Solutions of sulfuric acid and lead acetate react to form solid lead sulfate and a solution of acetic acid.5.80 of sulfuric acid and 5.80 of lead acetate are mixed.
Calculate the number of grams of acetic acid present in the mixture after the reaction is complete.
The reaction is as followed:
H2SO4 + Pb(C2H3O2)2----> PbSO4 +2(C2H4O2)
However, unless you provide units for your reactants, there is no way to start this problem.
i don't know i need help
To calculate the number of grams of acetic acid present in the mixture after the reaction is complete, we need to determine the limiting reactant first. The limiting reactant is the reactant that is completely consumed, which will determine the maximum amount of product that can be formed.

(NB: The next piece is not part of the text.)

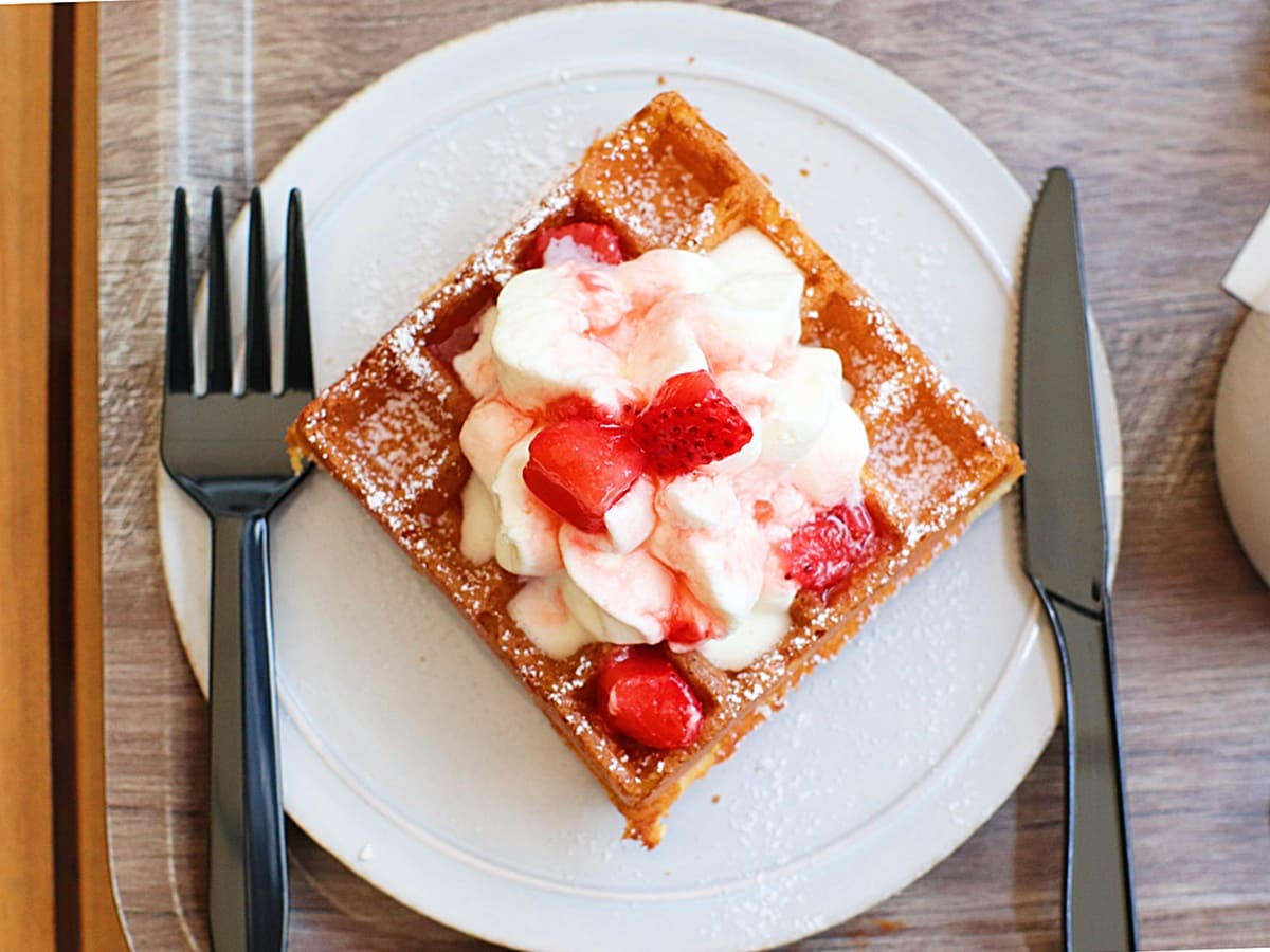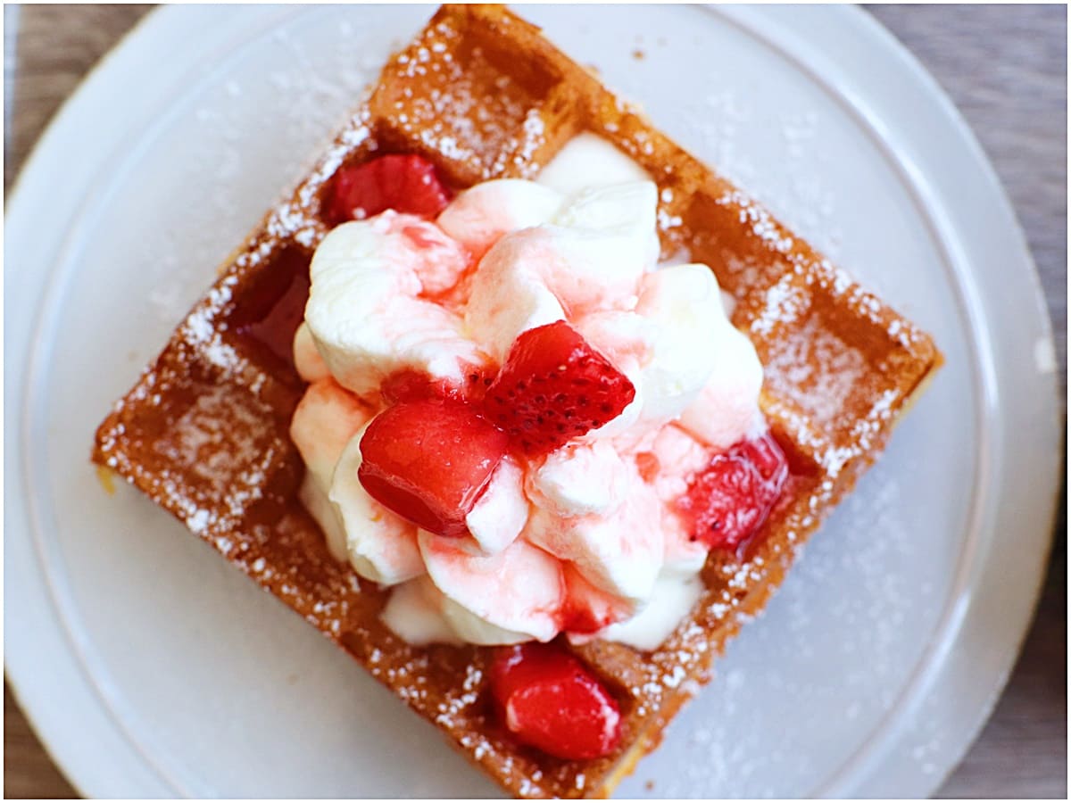 香ばしく焼かれたワッフルの上には、クリームと果肉たっぷりのいちごのソースが。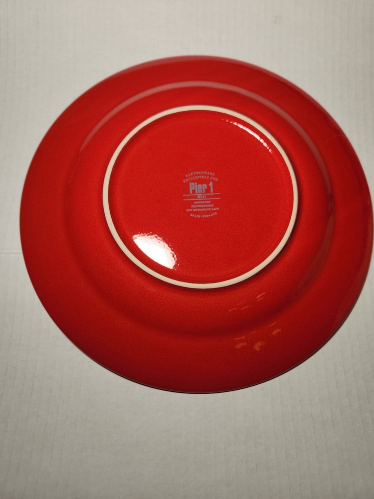 Pier 1 Imports Earthenware Christmas Red Dinner Plate 10.5” EUC Spain. 6 Available.

To find the limiting reactant, we need to calculate the number of moles of sulfuric acid and lead acetate separately. The molar mass of sulfuric acid (H2SO4) is 98.09 g/mol, and the molar mass of lead acetate (Pb(CH3COO)2) is 325.29 g/mol.
First, let's calculate the number of moles of sulfuric acid:
moles of H2SO4 = mass of H2SO4 / molar mass of H2SO4
moles of H2SO4 = 5.80 g / 98.09 g/mol
moles of H2SO4 ≈ 0.059 mol
Now, let's calculate the number of moles of lead acetate:
moles of Pb(CH3COO)2 = mass of Pb(CH3COO)2 / molar mass of Pb(CH3COO)2
moles of Pb(CH3COO)2 = 5.80 g / 325.29 g/mol
moles of Pb(CH3COO)2 ≈ 0.018 mol
To determine the limiting reactant, we compare the moles of each reactant to the stoichiometry of the balanced equation. From the balanced equation:
1 mole of H2SO4 reacts with 1 mole of Pb(CH3COO)2 to form 1 mole of acetic acid.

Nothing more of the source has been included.